Without including the pictures, copy out every line below.

*Supplied material*
_ _ _ _ _ _ _
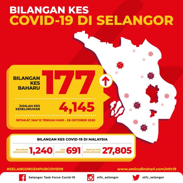 雪兰莪目前累计共4145宗新冠肺炎确诊病例,其中1033宗属于可以传染他人的活跃病例,至今共累计25宗死亡病例。
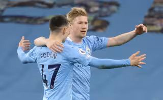 10 March 2021, United Kingdom, Manchester: Manchester City's Kevin De Bruyne (R) celebrates with Phil Foden after scoring their side's fifth goal during the English Premier League soccer match between Manchester City and Southampton at the Etihad Stadi - Clive Brunskill/PA Wire/dpa
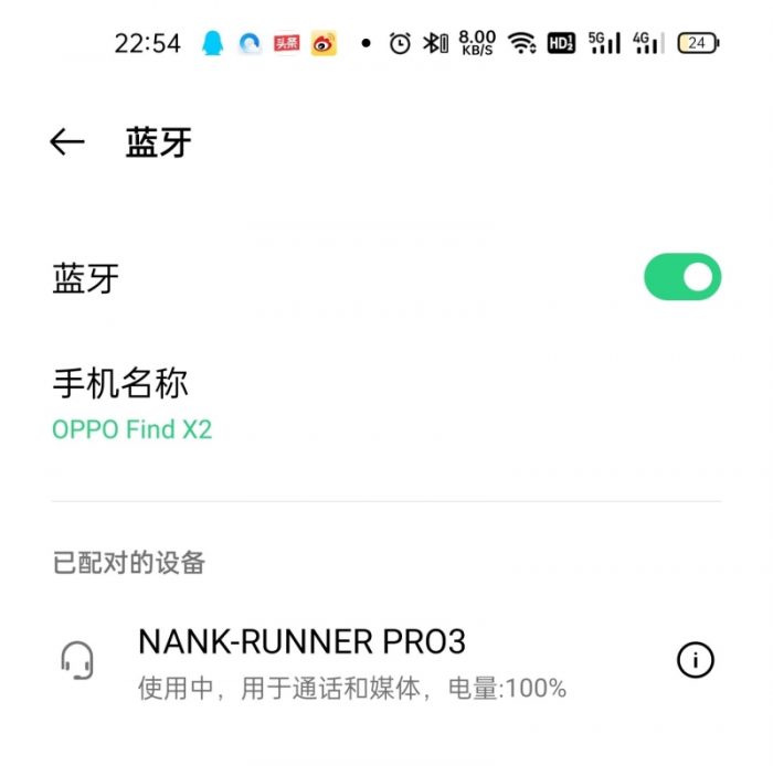 内置蓝牙5.2,是目前市面上最高配置的芯片了,所以传输性能让人满意,速度超快、链接超稳定。第一次链接的时候操作非常方便,基本手机不用搜索,即时就能找到Runner Pro 3,然后进行秒链接。速度真是超快,就喜欢这种不费吹灰之力的链接方式,比那种傻乎乎半天连不上让我窝火的不知道好多少!打电话、看电影也是,到处乱走也不会信号忽有忽无,穿墙表现也良好。
_ _ _ _ _ _ _
*Response for this exercise*
 雪兰莪目前累计共4145宗新冠肺炎确诊病例,其中1033宗属于可以传染他人的活跃病例,至今共累计25宗死亡病例。
 10 March 2021, United Kingdom, Manchester: Manchester City's Kevin De Bruyne (R) celebrates with Phil Foden after scoring their side's fifth goal during the English Premier League soccer match between Manchester City and Southampton at the Etihad Stadi - Clive Brunskill/PA Wire/dpa
 内置蓝牙5.2,是目前市面上最高配置的芯片了,所以传输性能让人满意,速度超快、链接超稳定。第一次链接的时候操作非常方便,基本手机不用搜索,即时就能找到Runner Pro 3,然后进行秒链接。速度真是超快,就喜欢这种不费吹灰之力的链接方式,比那种傻乎乎半天连不上让我窝火的不知道好多少!打电话、看电影也是,到处乱走也不会信号忽有忽无,穿墙表现也良好。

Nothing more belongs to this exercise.